GIVEN MATERIAL:
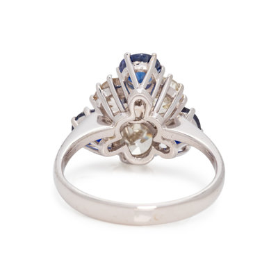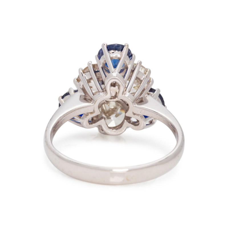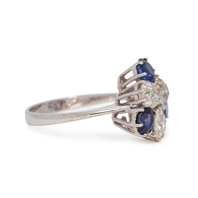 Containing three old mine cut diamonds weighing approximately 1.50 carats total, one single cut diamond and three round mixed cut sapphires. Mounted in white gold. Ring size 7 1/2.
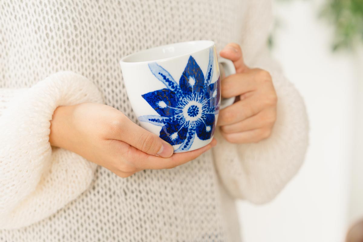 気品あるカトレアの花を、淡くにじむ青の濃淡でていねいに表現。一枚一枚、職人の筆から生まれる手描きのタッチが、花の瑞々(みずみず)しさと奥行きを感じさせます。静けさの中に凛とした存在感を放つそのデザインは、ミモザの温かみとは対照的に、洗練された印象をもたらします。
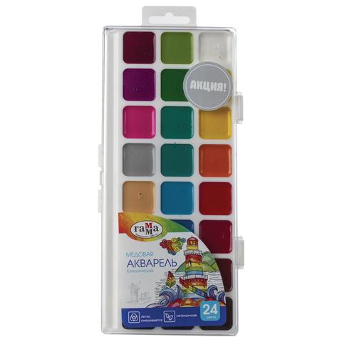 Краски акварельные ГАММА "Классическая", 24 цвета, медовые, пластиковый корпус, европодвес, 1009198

TASK: Locate the line containing "気品あるカトレアの花を、淡く" in the material above, then repeat it and every later line exactly, with no pictures.

EXERCISE RESULT:
 気品あるカトレアの花を、淡くにじむ青の濃淡でていねいに表現。一枚一枚、職人の筆から生まれる手描きのタッチが、花の瑞々(みずみず)しさと奥行きを感じさせます。静けさの中に凛とした存在感を放つそのデザインは、ミモザの温かみとは対照的に、洗練された印象をもたらします。
 Краски акварельные ГАММА "Классическая", 24 цвета, медовые, пластиковый корпус, европодвес, 1009198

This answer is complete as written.